Extracted data entries:
*** Block opens ***

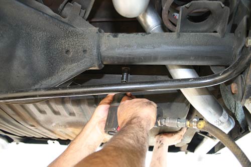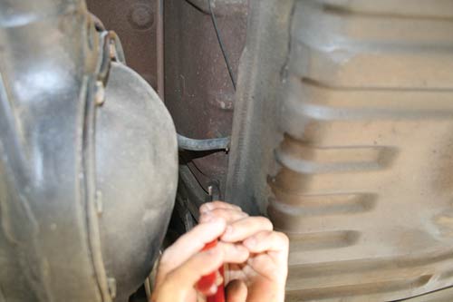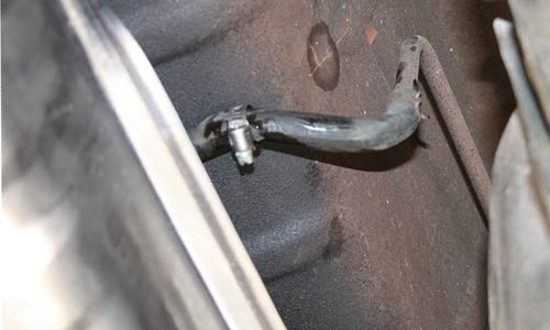 The flexible hose that connects the hard fuel line to the line that comes off the sending unit is removed.
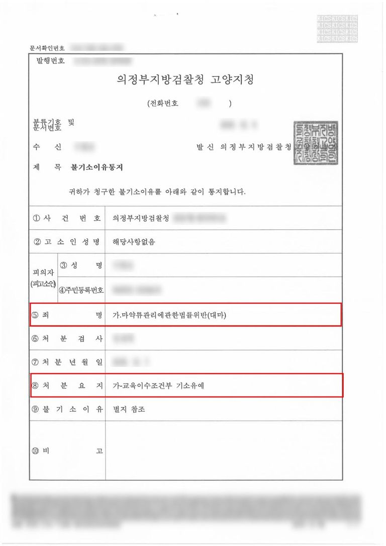 저는 반성문, 탄원서, 정신과 진료내역서, 단약서약서, 단약일기 등 여러 양형자료를 바탕으로 A씨는 호기심에 마약을 접하게 되었으나 진심으로 반성하고 있다는 점, A씨는 혐의를 모두 인정하고 알고 있는 범위 내에서 모두 진술하는 등 수사에 적극적으로 임하였다는 점, A씨는 초범이라는 점 ,A씨는 다시는 마약을 하지 않기 위해서 단약서약서, 단약일기를 작성하고 꾸준하게 정신과 진료를 받고 있다는 점 등을 적극적으로 어필하며 '이번에 한하여 마지막으로 기소유예 처분을 내려달라'는 내용의 변호인의견서를 여러 차례 수사기관에 제출하였습니다.
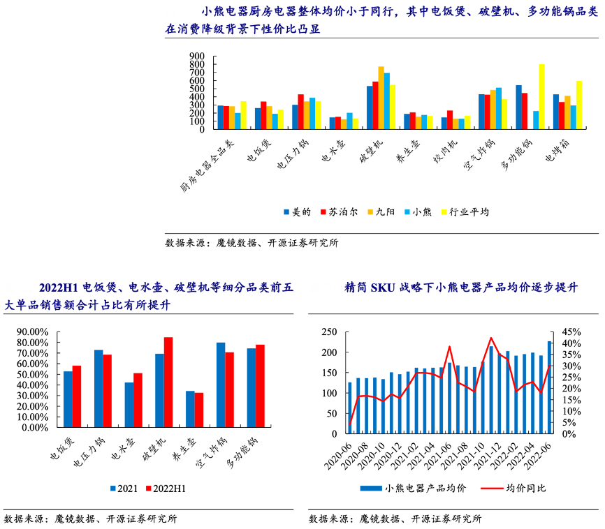 經典案例:根據魔鏡數據、開源證券研究所等綜合資訊表明,早期小熊電器通過多 SKU 特征覆蓋更多人群,但帶來 較多高流量價值低銷售價值的產品,當前小熊電器更多聚焦產品品質,推行精簡 SKU 戰略。魔鏡數據顯示小熊電器 2022H1 電飯煲、電水壺、破壁機、多功能鍋細分品類前五大單品銷售額合計占比較 2021 年有所提升。
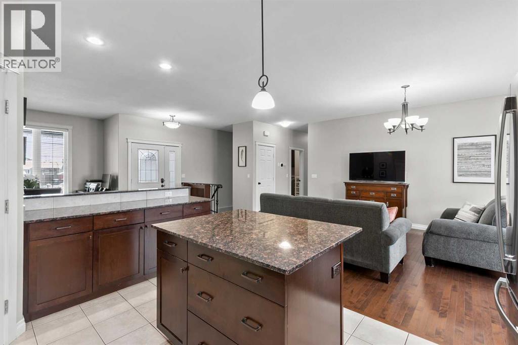 Welcome to this charming and spacious 1,673 sq ft bungalow featuring a rare lofted bonus room above the garage and numerous upgrades throughout. The main floor offers an inviting open-concept layout with a large kitchen that includes granite countertops, a corner pantry, abundant cabinetry, and a generous island overlooking the living and dining areas—perfect for both daily living and entertaining. This level also includes a comfortable bedroom, a full 4-piece bathroom, and the primary bedroom complete with a 3-piece ensuite. Upstairs, the expansive loft above the garage provides an ideal space for a family room, office, or hobby area. The fully developed basement includes an illegal suite with two bedrooms, a 4-piece bath, a spacious living and recreation area, and a kitchen equipped with a fridge, countertop cooktop, microwave, and sink, plus a large mechanical room and additional under-stairs storage. The home features many upgrades such as in-floor heating in the basement and garage, epoxy flooring and 9 ft ceilings in the basement, hot and cold water taps in the garage, a BBQ gas line on the back deck, new shingles and eavestroughs installed in 2025, and a hot water on demand system that is approximately three years old. Outside, enjoy the beautiful front veranda, landscaped yard, large back deck, and oversized storage shed—making this property both functional and inviting. (id:55577)
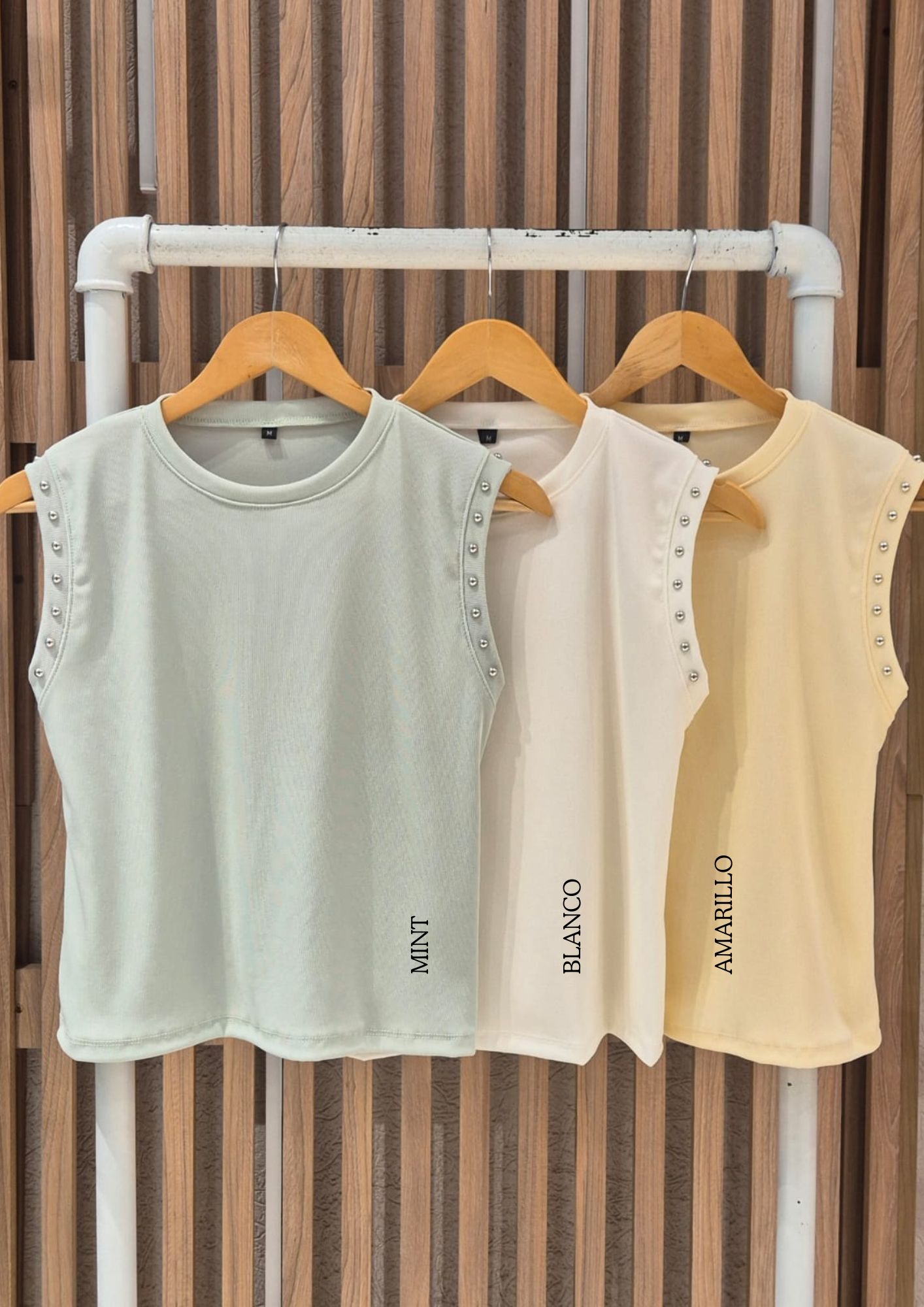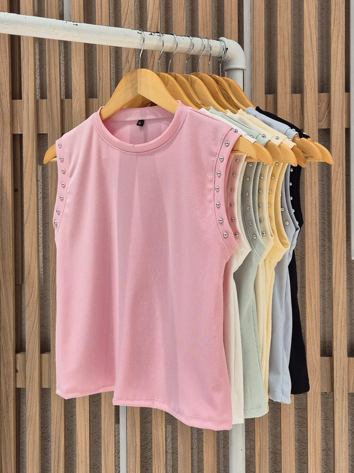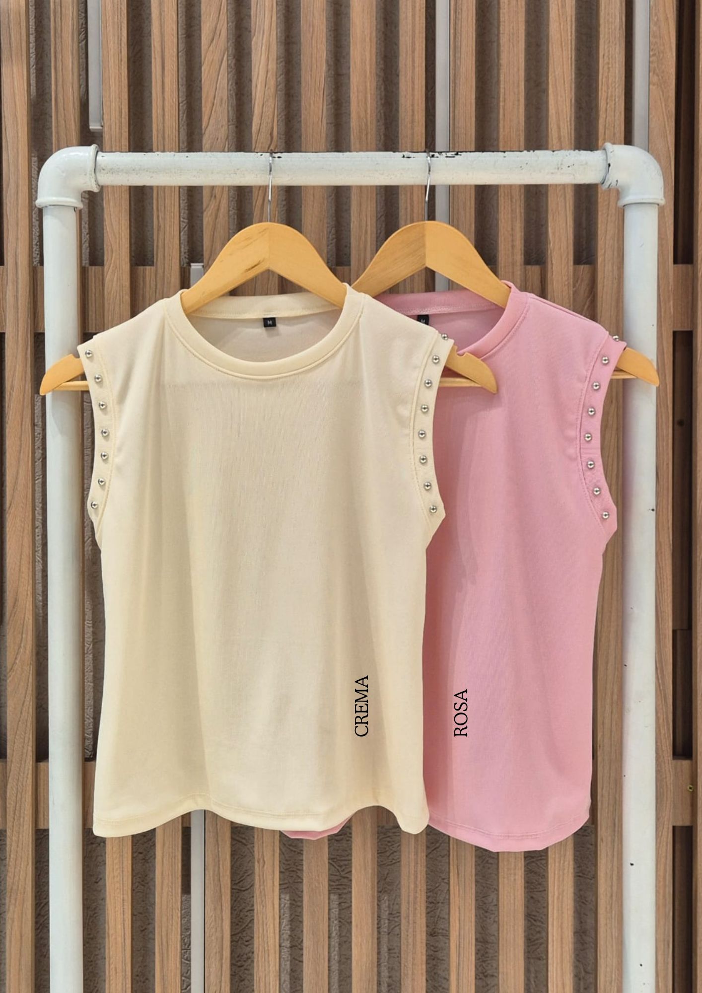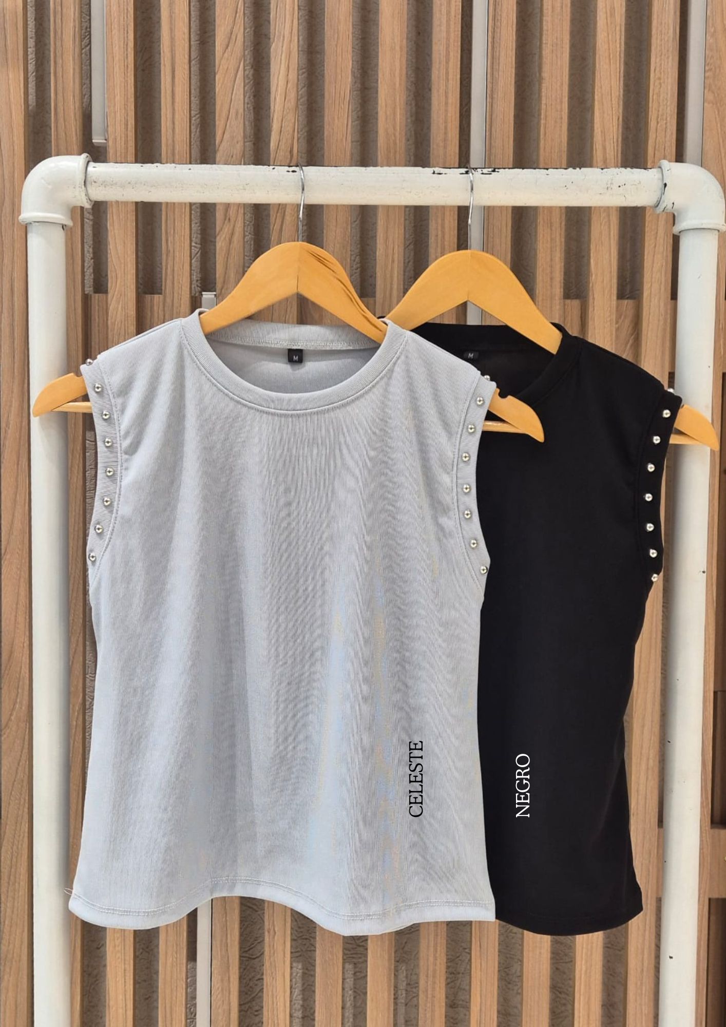 MUSCULOSA LEILA CUELLO REDONDO CON DETALLE DE TACHAS / TALLES M Y L

*** Block closes ***

Repeat the data above exactly, leaving out any pictures it holds.

 The flexible hose that connects the hard fuel line to the line that comes off the sending unit is removed.
 저는 반성문, 탄원서, 정신과 진료내역서, 단약서약서, 단약일기 등 여러 양형자료를 바탕으로 A씨는 호기심에 마약을 접하게 되었으나 진심으로 반성하고 있다는 점, A씨는 혐의를 모두 인정하고 알고 있는 범위 내에서 모두 진술하는 등 수사에 적극적으로 임하였다는 점, A씨는 초범이라는 점 ,A씨는 다시는 마약을 하지 않기 위해서 단약서약서, 단약일기를 작성하고 꾸준하게 정신과 진료를 받고 있다는 점 등을 적극적으로 어필하며 '이번에 한하여 마지막으로 기소유예 처분을 내려달라'는 내용의 변호인의견서를 여러 차례 수사기관에 제출하였습니다.
 經典案例:根據魔鏡數據、開源證券研究所等綜合資訊表明,早期小熊電器通過多 SKU 特征覆蓋更多人群,但帶來 較多高流量價值低銷售價值的產品,當前小熊電器更多聚焦產品品質,推行精簡 SKU 戰略。魔鏡數據顯示小熊電器 2022H1 電飯煲、電水壺、破壁機、多功能鍋細分品類前五大單品銷售額合計占比較 2021 年有所提升。
 Welcome to this charming and spacious 1,673 sq ft bungalow featuring a rare lofted bonus room above the garage and numerous upgrades throughout. The main floor offers an inviting open-concept layout with a large kitchen that includes granite countertops, a corner pantry, abundant cabinetry, and a generous island overlooking the living and dining areas—perfect for both daily living and entertaining. This level also includes a comfortable bedroom, a full 4-piece bathroom, and the primary bedroom complete with a 3-piece ensuite. Upstairs, the expansive loft above the garage provides an ideal space for a family room, office, or hobby area. The fully developed basement includes an illegal suite with two bedrooms, a 4-piece bath, a spacious living and recreation area, and a kitchen equipped with a fridge, countertop cooktop, microwave, and sink, plus a large mechanical room and additional under-stairs storage. The home features many upgrades such as in-floor heating in the basement and garage, epoxy flooring and 9 ft ceilings in the basement, hot and cold water taps in the garage, a BBQ gas line on the back deck, new shingles and eavestroughs installed in 2025, and a hot water on demand system that is approximately three years old. Outside, enjoy the beautiful front veranda, landscaped yard, large back deck, and oversized storage shed—making this property both functional and inviting. (id:55577)
 MUSCULOSA LEILA CUELLO REDONDO CON DETALLE DE TACHAS / TALLES M Y L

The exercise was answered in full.